L'invention de nouvelles formes d'art comme validation d'une étude académique
Placer l'élève dans la situation d'inventer alors qu'il apprend permet de le rendre sensible à la partie spécifique de l'oeuvre étudiée, et d'éviter qu'il n'en retienne que les aspects qui ne lui sont pas spécifiques, et qui seraient justement ce que l'oeuvre n'est pas : par exemple l'ensemble des conventions de l'époque. C'est la raison pour laquelle dans les cursus de piano et de violon, l'histoire de l'art est obligatoire afin de pouvoir plus aisément contextualiser l'oeuvre étudiée en la reliant aux enjeux d'une époque. Par ailleurs, des classes d'interprétation permettent très rapidement de confronter des approches différentes d'une même oeuvre afin de prendre la mesure de son "épaisseur", et d'en différencier les apports personnels au compositeur en les conjugant avec ceux des élèves.
Un remède à la pédagogie ?
Plutôt que de penser l'enseignement artistique en dehors de l'acte créateur, l'atelier des feuillantines associe les élèves à la recherche et aux créations des artistes enseignants ou invités. De nouvelles formes d'art émergent de ce travail d'atelier dont la plupart n'auraient pu exister sans les élèves. Elles définissent un espace autour de l'oeuvre étudiée qui en devient l'un des points, et dans lequel le public est invité à se déplacer. Ainsi donc, pendant qu'un élève apprend une technique particulière, qu'elle soit instrumentale (piano, violon, dessin, peinture...), théorique (harmonie, perspective, électroacoustique...), il utilise ses connaissances dans la création d'une forme d'art originale, généralement avec d'autres élèves de disciplines différentes.
Dès leur deuxième année, les élèves inventent des formes de représentation de l'oeuvre qu'ils étudient, différentes de la représentation normale qui consiste généralement à la jouer ou à l'écouter, à la parcourir suivant une ligne normée.
L'oeuvre comme miroir formant de la pensée de l'élève
Certains imaginent de voir le principe d'une oeuvre musicale se condenser, se dessiner pendant son exécution, d'autres de la visiter en trois dimensions. Elle devient un lieu d'expérimentation de concepts ou se notent des représentations, ou s'écrivent parfois des péripéties personnelles.
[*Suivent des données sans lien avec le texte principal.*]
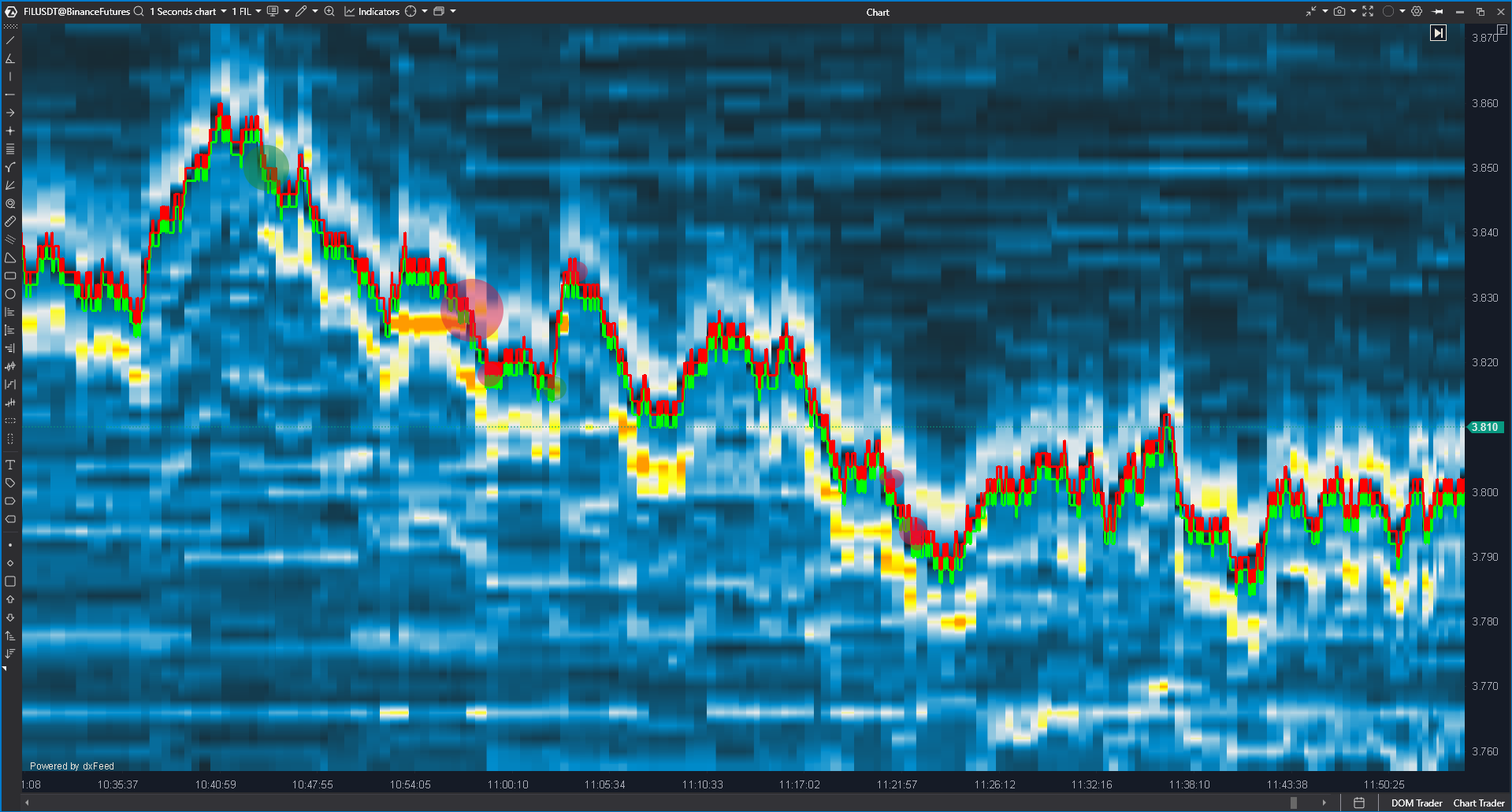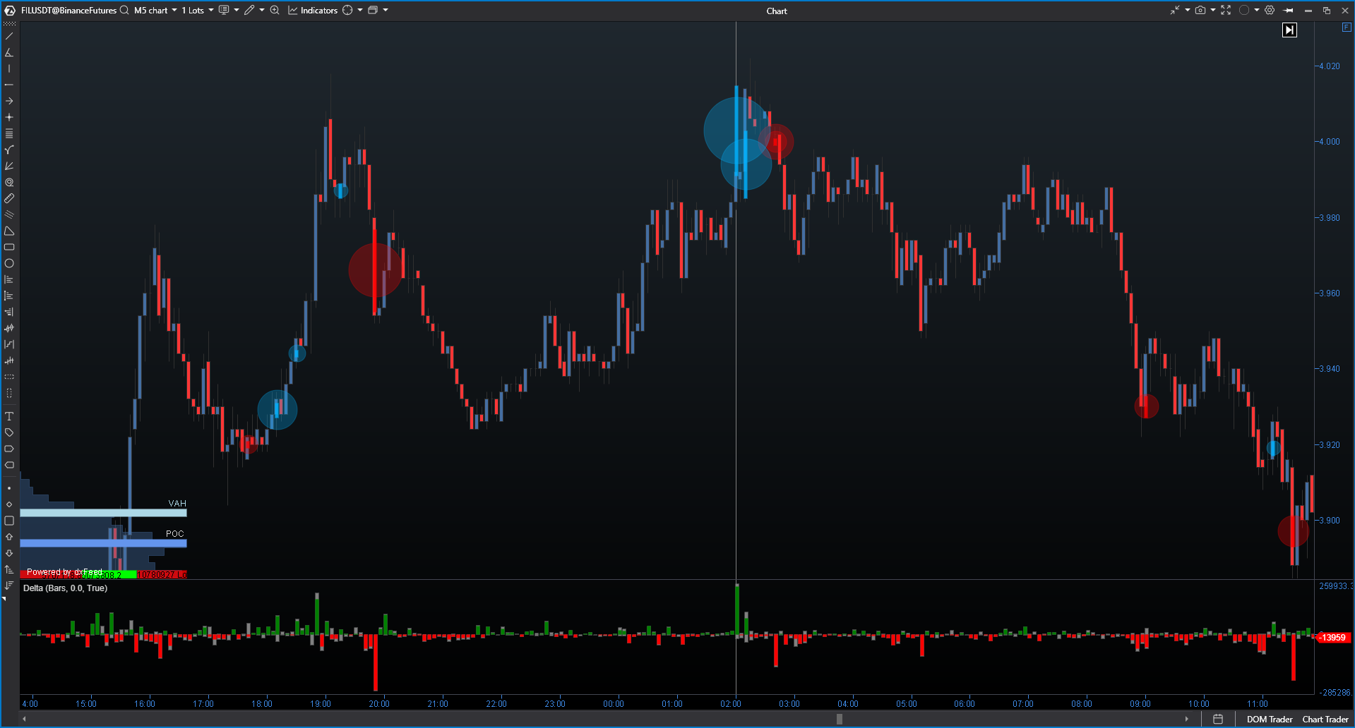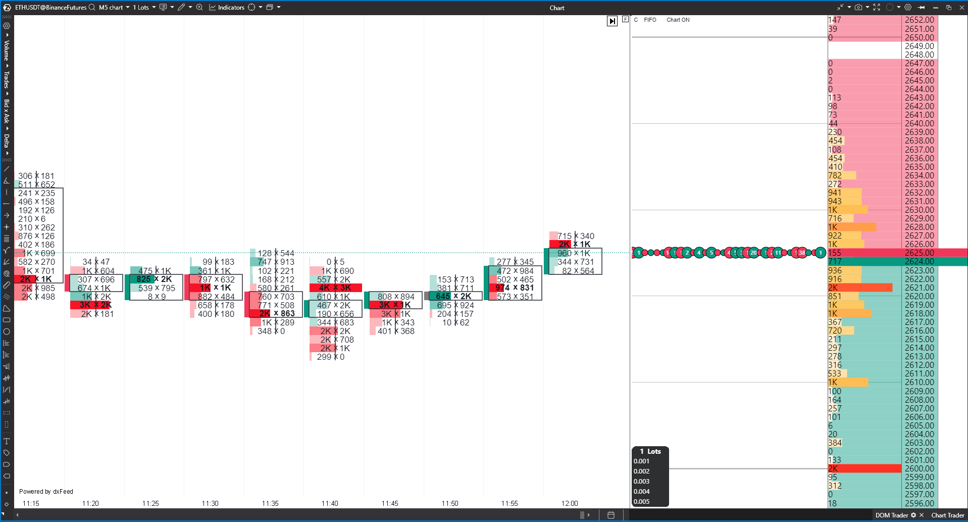 Diese multifunktionale Vorlage hilft Ihnen bei der Analyse der Limit-Order-Aktivität im Orderbuch und im Orderflow. Der Indikator DOM Levels ermöglicht es Ihnen, Veränderungen im Orderbuch zu verfolgen, gefälschte Levels mit großen Volumina zu erkennen, die gelöscht wurden, als sich der Preis näherte, und echte Levels zu identifizieren, die entweder von gegnerischen Trades absorbiert wurden oder dem Druck widerstanden, was zu einer Preisumkehr führte. Die Vorlage wird mit Ein-Sekunden-Kerzen erstellt.
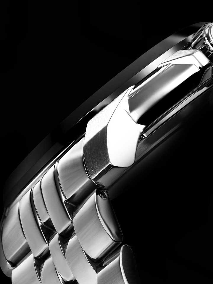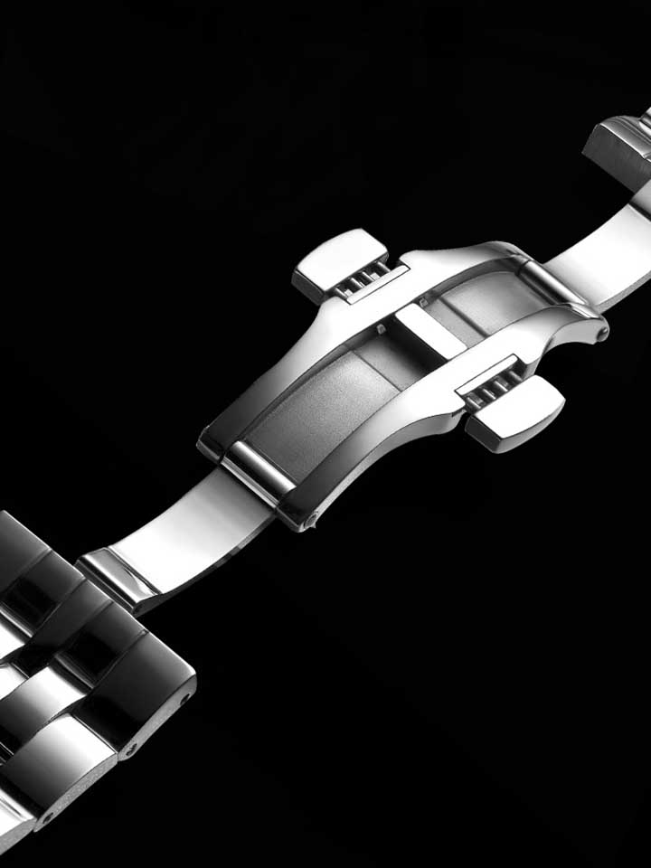 双边按置蝴蝶扣,双弹簧流畅开合,平衡手腕承受更舒适。不锈钢表带,精艺抛光,耐磨耐刮。
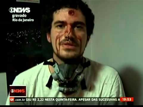 atingido pela polícia no Rio; nas proximidades, um carro de reportagem
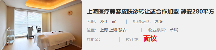 上海醫(yī)療美容皮膚診轉(zhuǎn)讓或合作加盟 靜安280平方
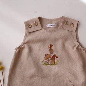 ボディのリネン生地と胸元の刺繍をお選びいただき、自由にカスタマイズが可能です。
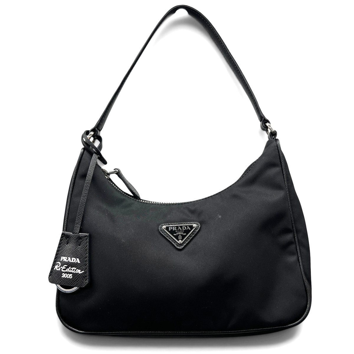 PRADA 美品 プラダ Re-Edition 2005 Re-Nylon ミニバッグ リエディション リナイロン ハンドバッグ 1N204X ナイロン ブラック トライアングルロゴ 三角プレート ロゴプレート 肩掛け ABランク 鑑定済 中古 プラダバッグ
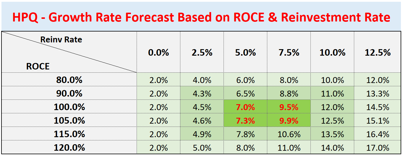 All told, HPQ on average spent only about 13% of operating cash flow on maintenance CAPEX in recent years, about 20% on dividends, and has been maintaining a reinvestment rate between 5% to 7.5% in recent years.
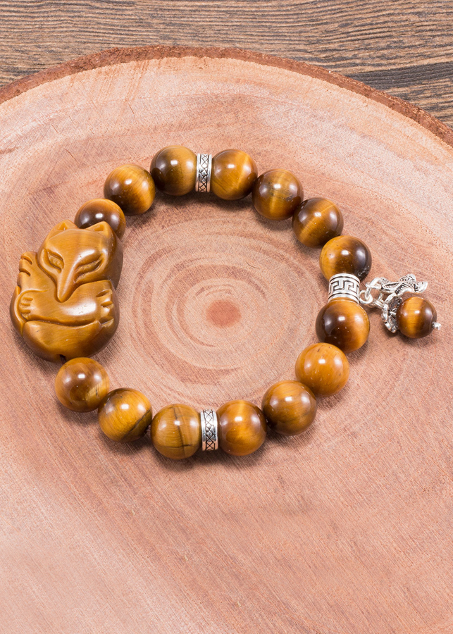 • Vòng tay thạch anh mắt hổ vàng nâu phối hồ ly & hoa 5 cánh (10mm) hợp với người mệnh Kim và mệnh Thổ, mang đến nhiều may mắn và giúp người đeo chạm được đến với năng lượng của vũ trụ.
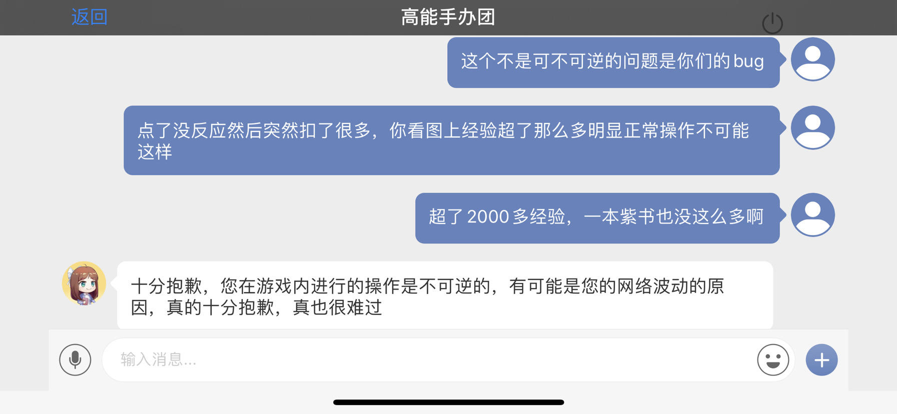 升级的时候吃紫书,点了半天没反应就多点了几下,结果等了一会突然扣了很多,一本紫紫书就500经验,正常操作怎么可能一下超2000多经验,明显是bug,完全可以server增加鉴定是否达到经验上限的逻辑或者客户端网络不好的时候做错误处理规避,这问题太低级了。客服一直给我回游戏内操作不可逆的我真是醉了,补偿不给就算了也不打算反馈给开发修一下?发出来给大家避坑,点了没反应千万别点了
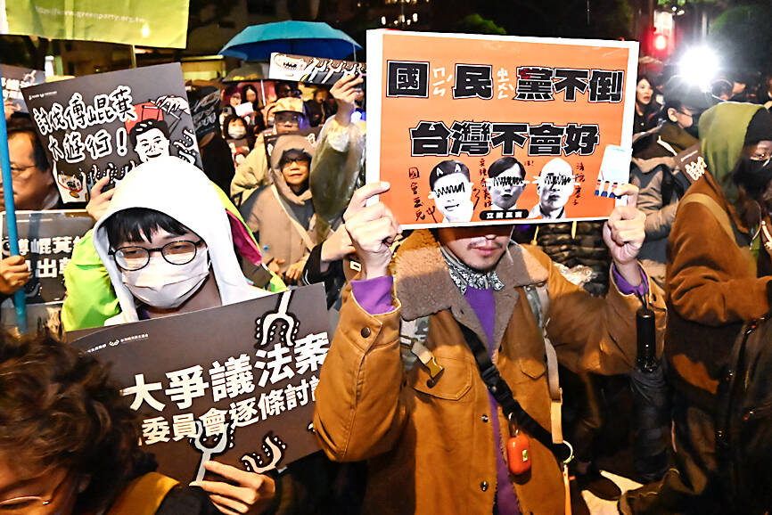 Civil society groups yesterday protested outside the Legislative Yuan, decrying Chinese Nationalist Party (KMT) efforts to pass three major bills that they said would seriously harm Taiwan’s democracy, and called to oust KMT caucus whip Fu Kun-chi (傅?萁).
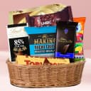 Immerse yourself in a luxurious assortment of sweets and snacks, featuring Ferrero Moments (69.6 gm), Toblerone (100 gm), and Lindt Bar (100 gm). Unibic Choco Chip Cookies (150 gm) and Foxs Chocolate Packet (90 gm) provide the perfect balance of crunch and sweetness. Additionally, enjoy the rich flavor of Bournville (80 gm) alongside crispy Cornitos Crisp (150 gm), all beautifully presented in a large basket, making it an ideal present for special occasions or a delightful treat for yourself.

Exemples de formes nouvelles de restitution ou de créations faisant intervenir des élèves d'arts plastiques et de musique :
Une élève de piano achève sa deuxième année : le thème général de la classe de piano est le geste chez Chopin. Elle utilise alors une installation permettant, lors de l'audition de fin d'année, de voir la structure du prélude se dessiner progressivement sur un écran, rendant ainsi visible l'écriture de la pièce en même temps que son interprétation.
Un groupe d'élèves a été ému par la lecture des articles d'Annick Cogean parus dans le journal "Le Monde" en 1999 sur le peuple Inuït. Ils ont alors croisé les connaissances en cours d'acquisition sur les sons multiphoniques avec les chants de gorge Inuits à travers un hommage à la création du Nunavut. Ce projet a obtenu les félicitations de Monsieur le Premier Ministre Canadien Jean Chrétien.
Je suis belle, Ô mortels, comme un rêve de pierre : un groupe d'élèves de 3ème font naviguer leur propre voix entre des statues par le biais du geste et de la danse. Développement d'une intelligence du geste à la fois spacialisateur et polyphonique.
La préservation d'une information tout au long de transformations techniques et esthétiques : le projet Forbidden Planet réalisé avec Véronique Jan, professeur de musique, et Maria Jerkovik, professeur d'arts plastiques, dans leurs classes du collège Camille Claudel.
La chambre de beauté : installation à l'Ircam. Les visages en rotation des élèves sont projetés à l'intérieur d'un cube traversé de fil tendus sur lesquels ont été disposés des calques. Ces calques reproduisent les travaux d'arts plastiques de l'année. Lorsque la lumière des visages les traverse, elle est capté par un dispositif qui construit des rythmes dépendant de la rotation des couleurs des visages.
Etude de l'équilibre du mouvement en injectant des données gestuelles recuillies par des capteurs dans des processus musicaux. Ces données proviennent d'experts en "intelligence du geste" que sont des pratiquants de Tai Chi Chuan et de divers styles d'arts martiaux chinois.